PROBLEM REQUIREMENTS: When you write out the listing, keep every word as it stands and drop the pictures.

STORED DATA:

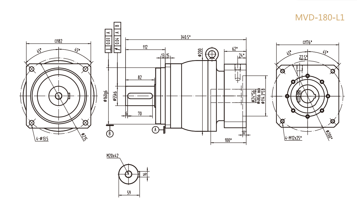 然后,根据负载扭矩和减速比,查阅 MVD-180-L1 系列减速器的选型手册,选择能够满足要求的型号,假设选定型号为 MVD-180-L1-10。
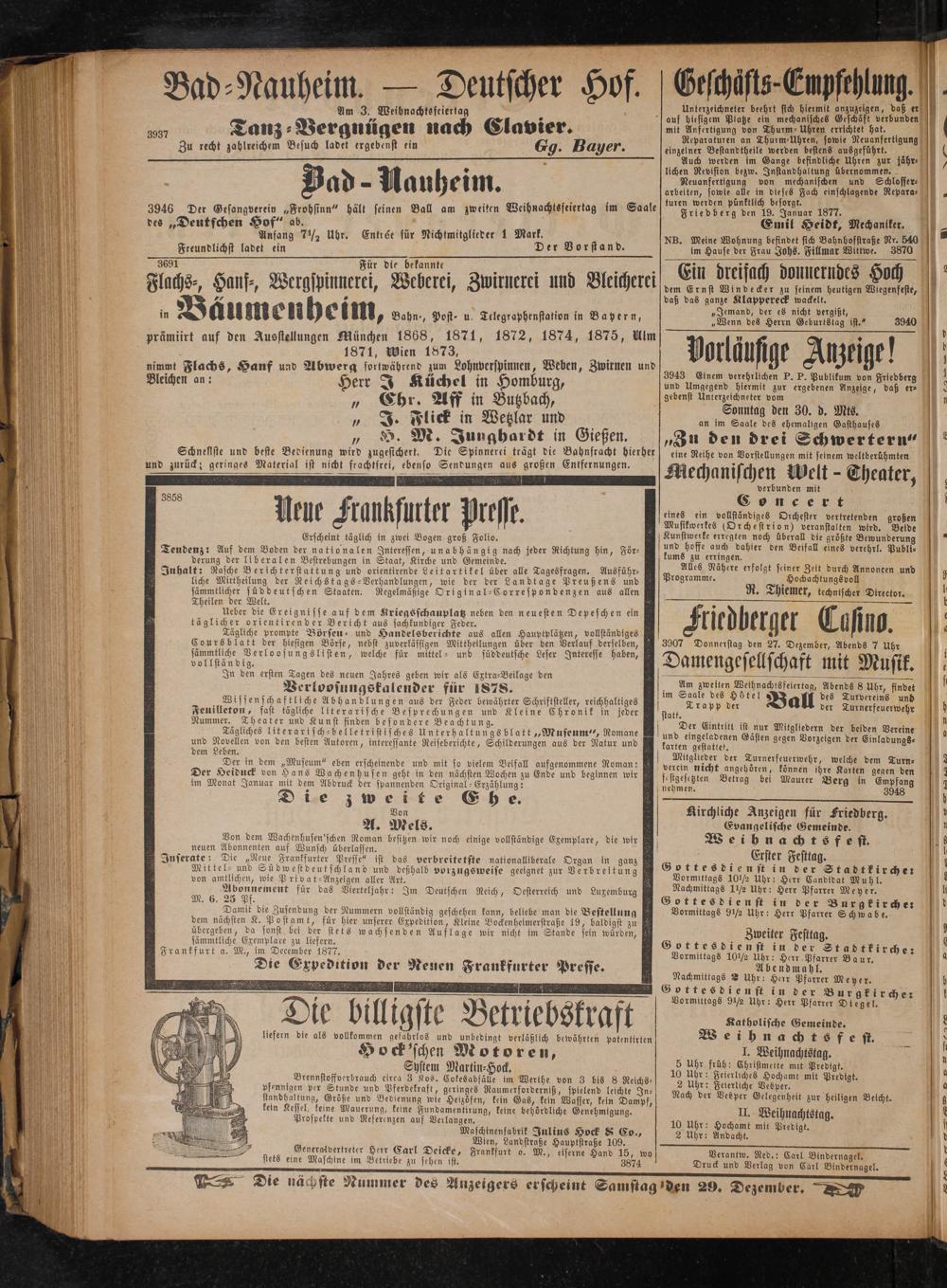 Die nächste Nummer des Anzeigers erscheint Samstag den 29. Dezember, N
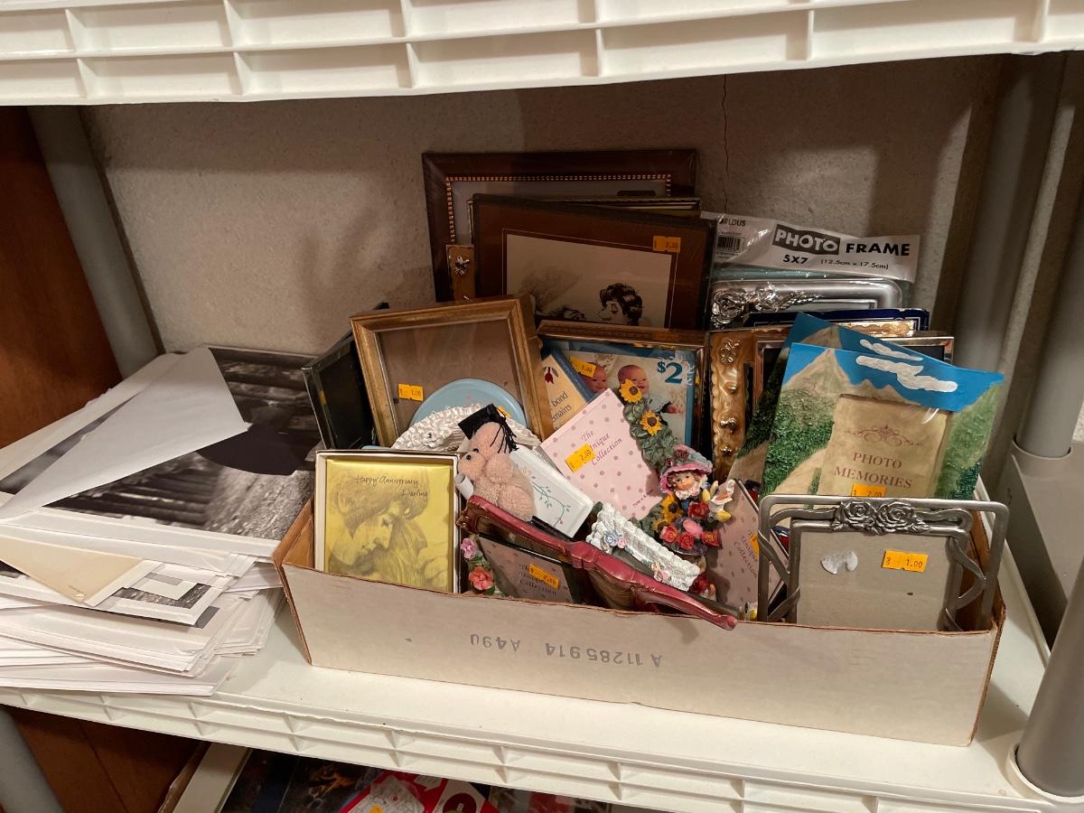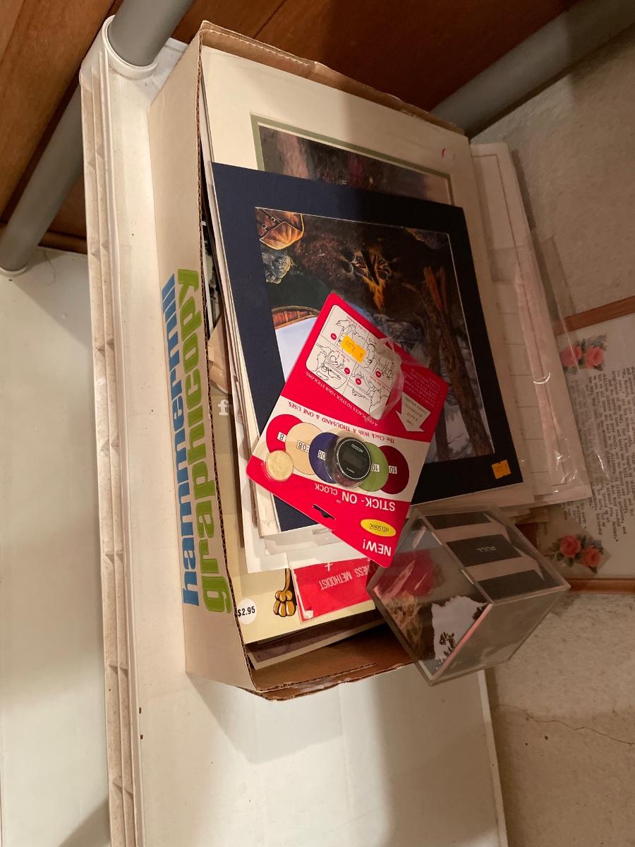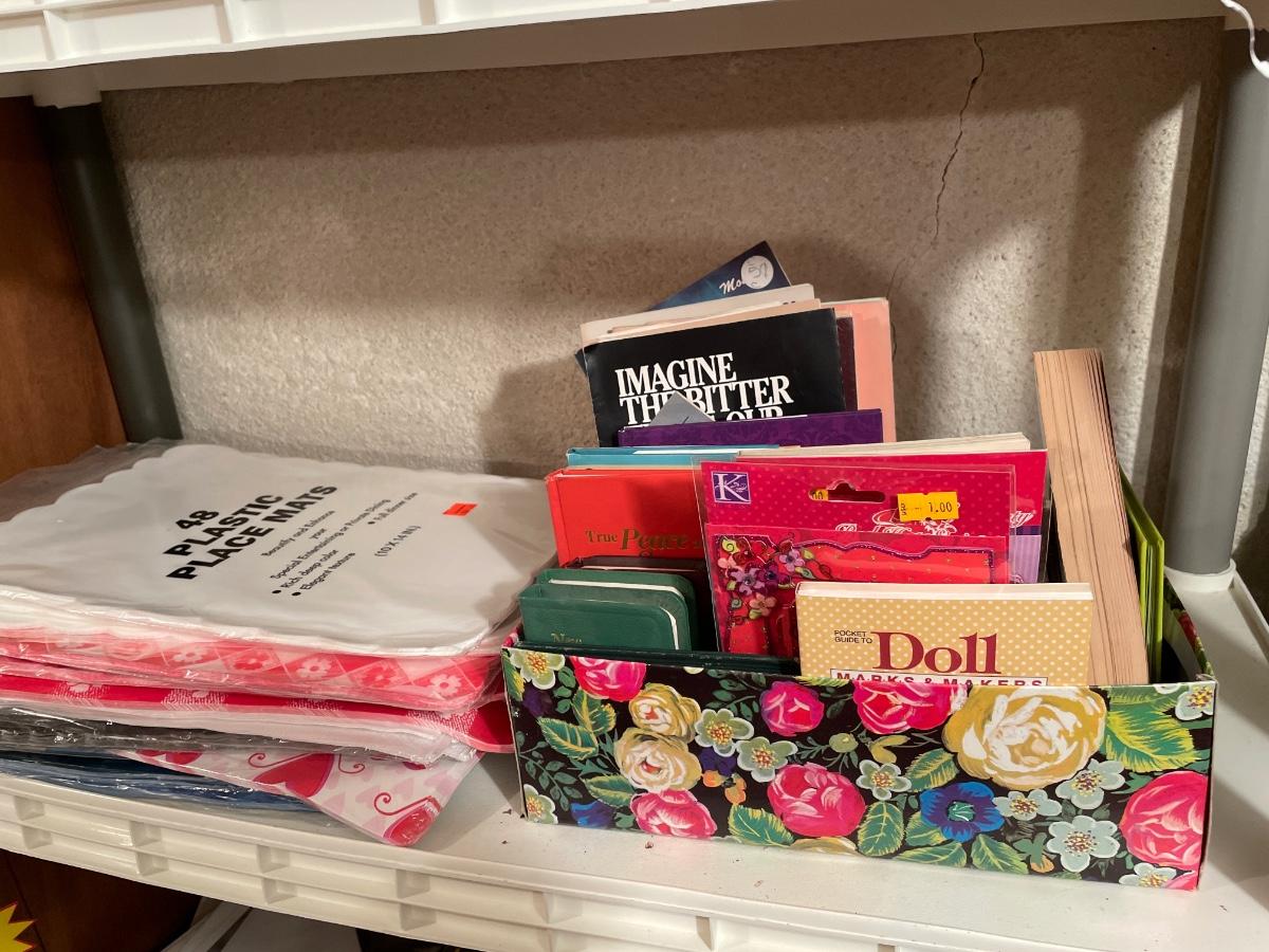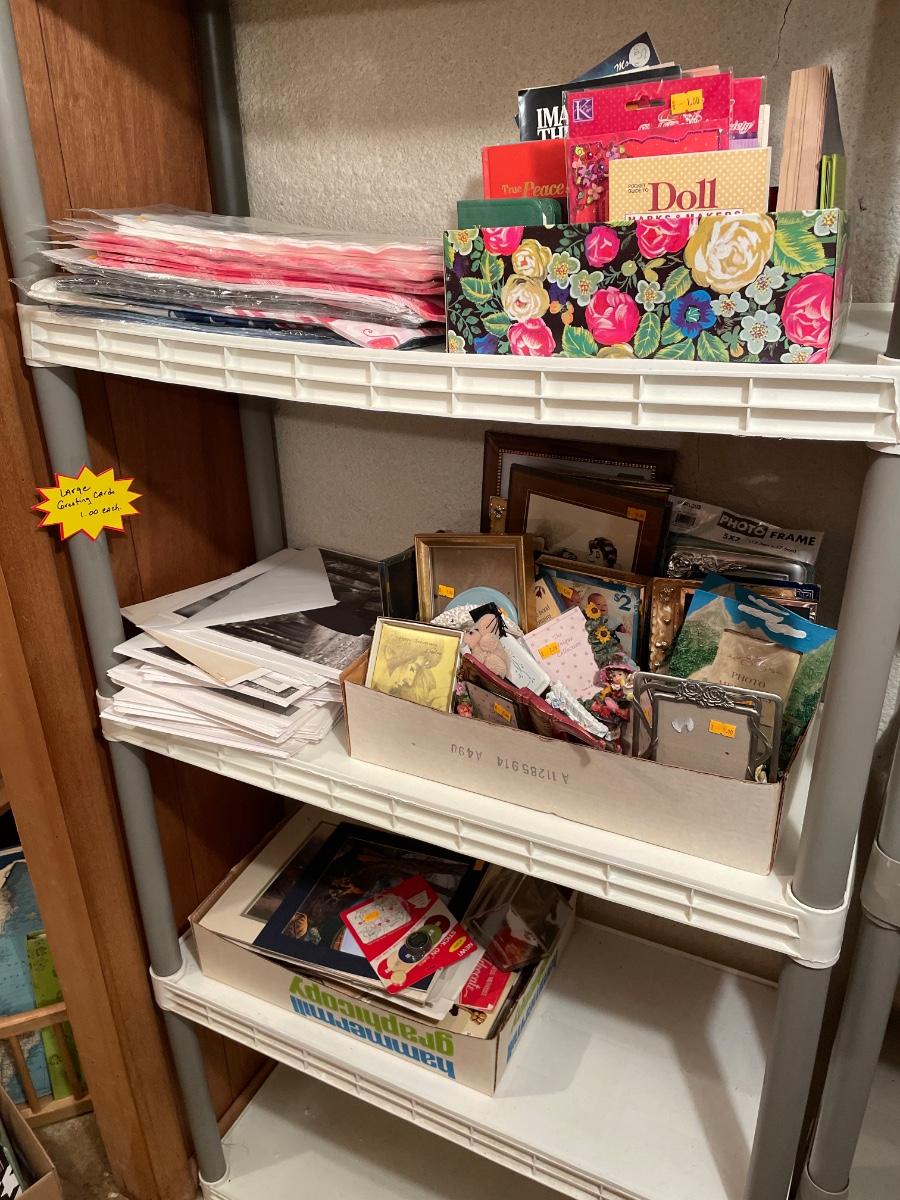 See pictures. Large greeting cards, frames, placemats and more. Shelf not included
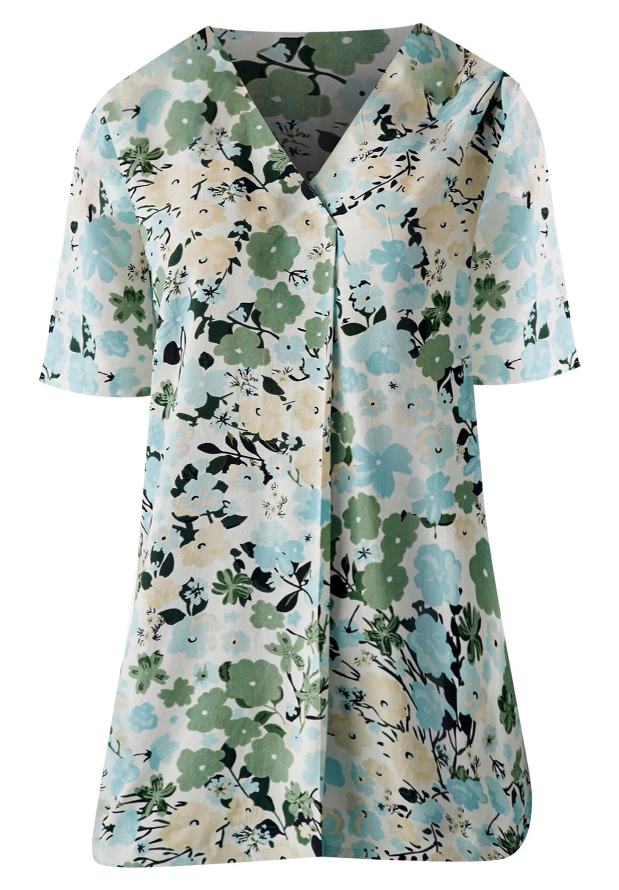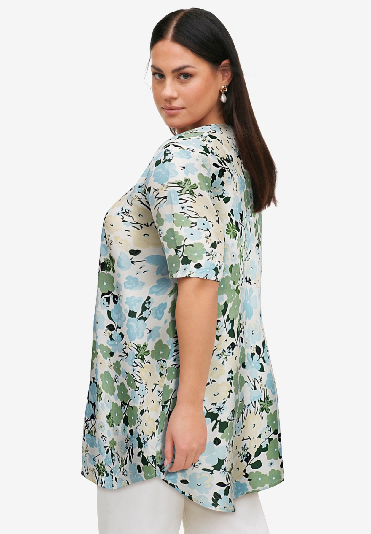 An inverted box pleat below the V-neck gives this tunic a flowy fit that feels as good as it looks. Short, drop-shoulder sleeves give it a relaxed feel perfect with jeans, chinos or leggings.

ANSWER TO THE EXERCISE:
 然后,根据负载扭矩和减速比,查阅 MVD-180-L1 系列减速器的选型手册,选择能够满足要求的型号,假设选定型号为 MVD-180-L1-10。
 Die nächste Nummer des Anzeigers erscheint Samstag den 29. Dezember, N
 See pictures. Large greeting cards, frames, placemats and more. Shelf not included
 An inverted box pleat below the V-neck gives this tunic a flowy fit that feels as good as it looks. Short, drop-shoulder sleeves give it a relaxed feel perfect with jeans, chinos or leggings.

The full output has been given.